**WORK REQUEST:** Drop the pictures and repeat the remaining data exactly.

**THE DATA:**
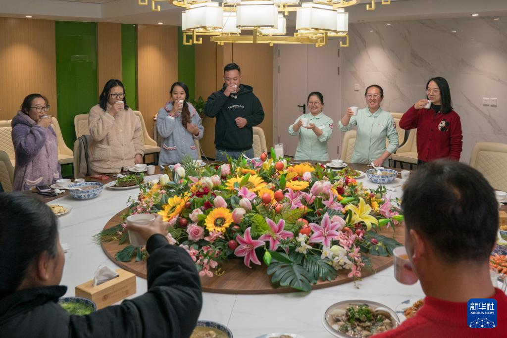 1月28日,在云南省红河州妇幼保健院月子中心食堂,工作人员与新生儿父母一起吃团圆饭。
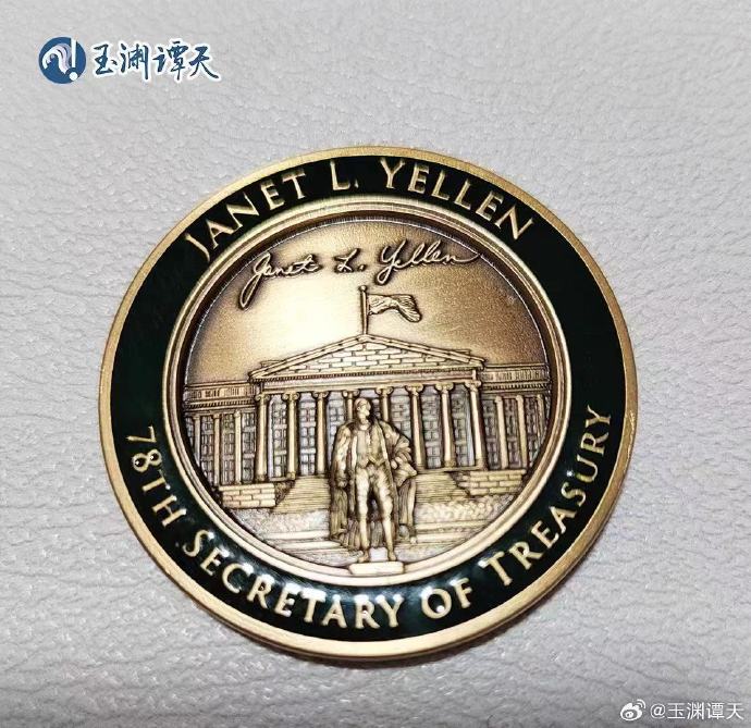 隨後耶倫也回贈了刻有她名字的美國財政部紀念章。
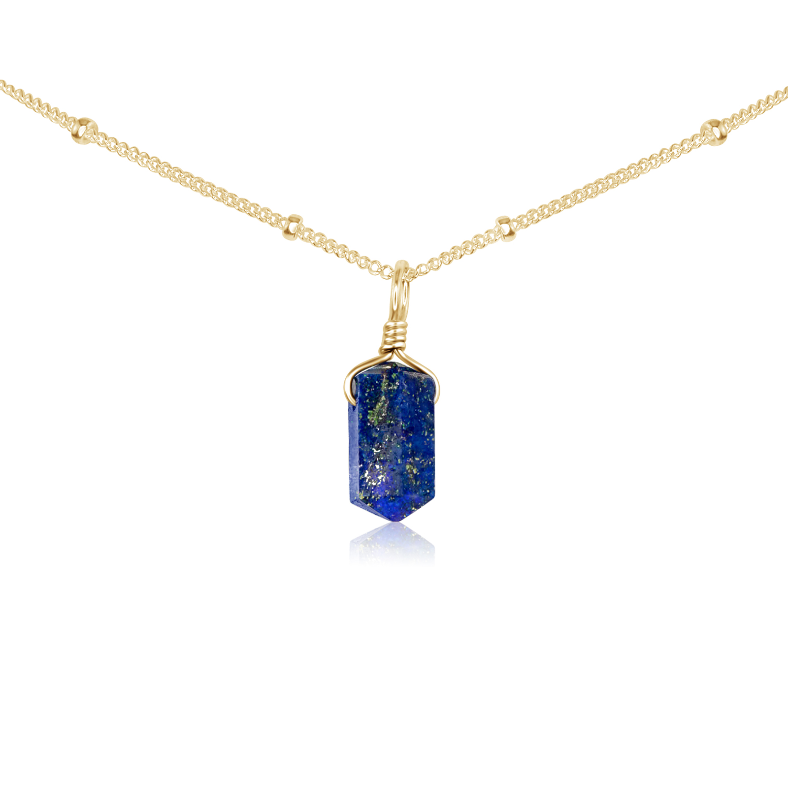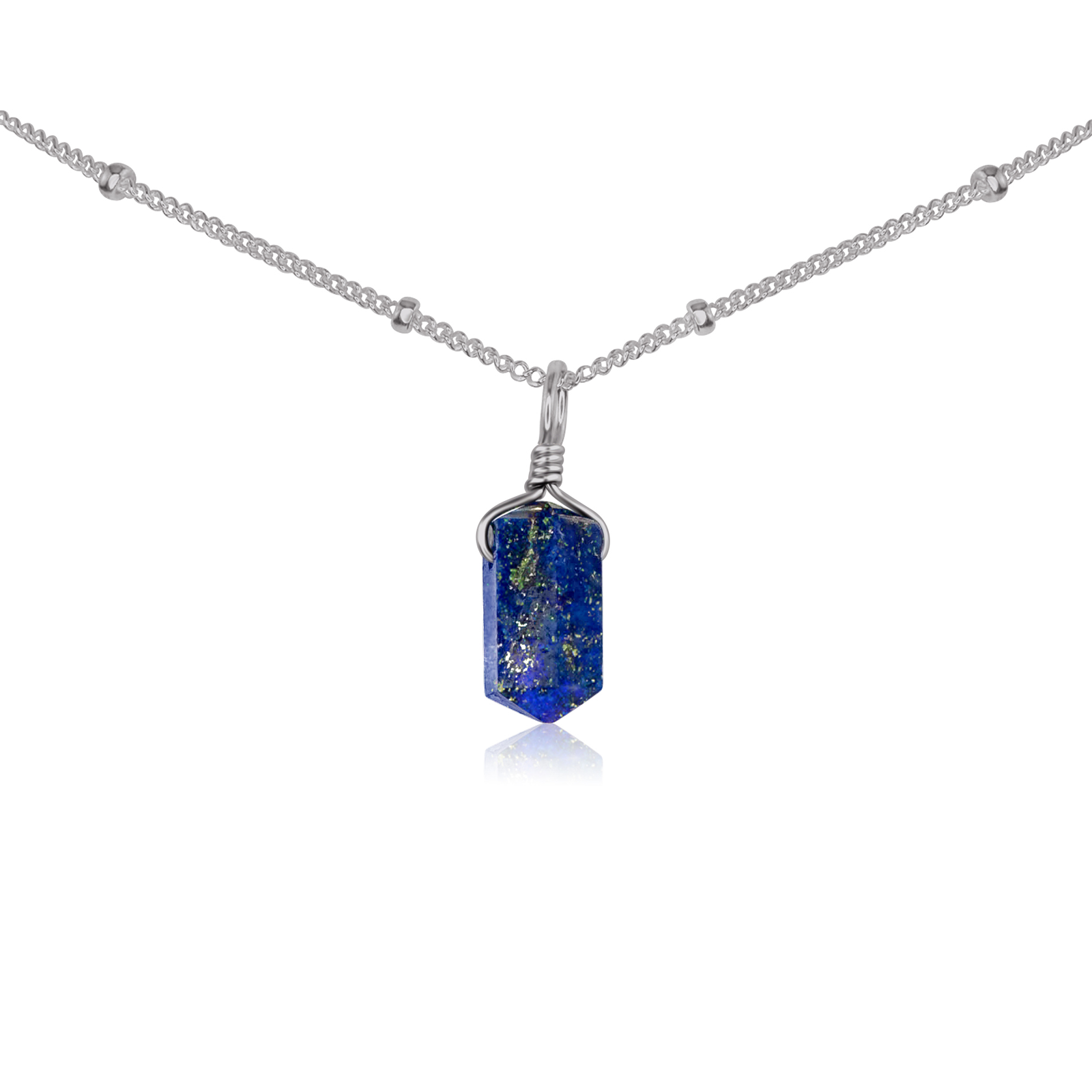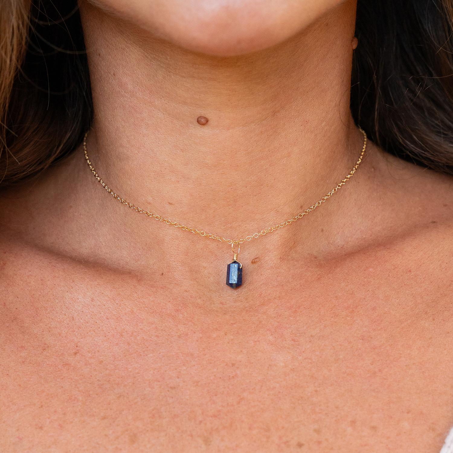 Lapis Lazuli Mini Double Terminated Crystal Point Pendant Choker Necklace

**TASK SOLUTION:**
 1月28日,在云南省红河州妇幼保健院月子中心食堂,工作人员与新生儿父母一起吃团圆饭。
 隨後耶倫也回贈了刻有她名字的美國財政部紀念章。
 Lapis Lazuli Mini Double Terminated Crystal Point Pendant Choker Necklace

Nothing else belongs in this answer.